Subtask 1: Extracting subtitles in visual modality with audio annotations
To extract subtitles from video frames, a large number of keyframes should be
annotated with bounding boxes and contents, which is extremely costive. However,
speech transcripts are much easier to obtain, and they contain almost all the content of
the subtitles. In this subtask, we present a challenge that explores learning visual
subtitles with the supervision of speech scripts. We expect that the annotation from
the audio modality can improve the subtitle extraction from the visual modality.
In this subtask, we will present 75h of video content, divided into set of 50, 20, 5 as
training, validation, and testing sets, respectively. For the training set, only audio
annotations will be provided. The participants are required to design subtitles OCR
system with these annotations.
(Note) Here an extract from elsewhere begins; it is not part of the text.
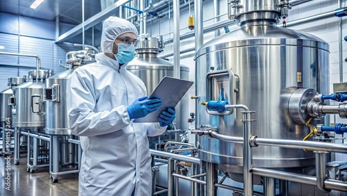 Person in a cleanroom suit working with a stainless steel tank in a laboratory setting. Emphasizes safety and precision in pharmaceutical or biotech processes.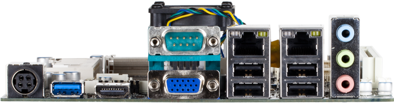 | Rear I/O | 3 x Audio jacks (Line in, Line out, Mic in) 1 x COM port (RS-232) 1 x HDMI 1 x VGA 2 x RJ45 LAN ports 4 x USB 2.0 1 x USB 3.0 1 x DC Jack (+12VDC) |

To pretrain an OCR system, participants can also use a
limited number of open datasets, and fine-tune their model with audio supervision.
Under these conditions, will be asked to produce subtitle text for each video in our
testing set, and the submitted results will be ranked using the CER metric.
The site for submissions is subtask1.
Subtask 2: Extracting subtitles in audio modal with visual annotations
In speech recognition tasks, especially in video speech recognition tasks, audio data
are difficult to label owing to background music, sound effects, or noise. However, all
texts information including subtitles in the video can supply weakly labeled
information.
There are lots of videos with subtitles. Some texts information including
subtitles are manually generated, whereas some are automaticly generated.
Although the quality of automatic subtitles may be worse than that of manual subtitles, they are
often available in much greater quantity.
Therefore, this task considers the use of
visual annotations in videos, especially automatic annotations to assist in building an
ASR system.
In this subtask, the participants will be required to use only visual annotations to
build an ASR system for the corresponding videos. To improve the robustness, some
public ASR data in the following tables may be used as well. We will also provide a
baseline model. The submitted results will be ranked with the CER metric on our
testing set.
The site for submissions is subtask2.
Subtask 3: Extracting subtitles with both visual and audio annotations
In this subtask, for the training set, we present 50 hours of video content with both the
visual and audio supervisions and 200-hour video content with no annotation.
Another 20 and 5 h of videos will be provided to serve as validation and testing sets, respectively.
For the visual annotation, we will provide characters of all text in key frames,
we will present speech transcripts of each VAD
segment or the audio modal. With these data, participants will be required to produce
subtitle for each video in our testing set, and the submitted results will be ranked with
the CER metric.
The site for submissions is subtask3.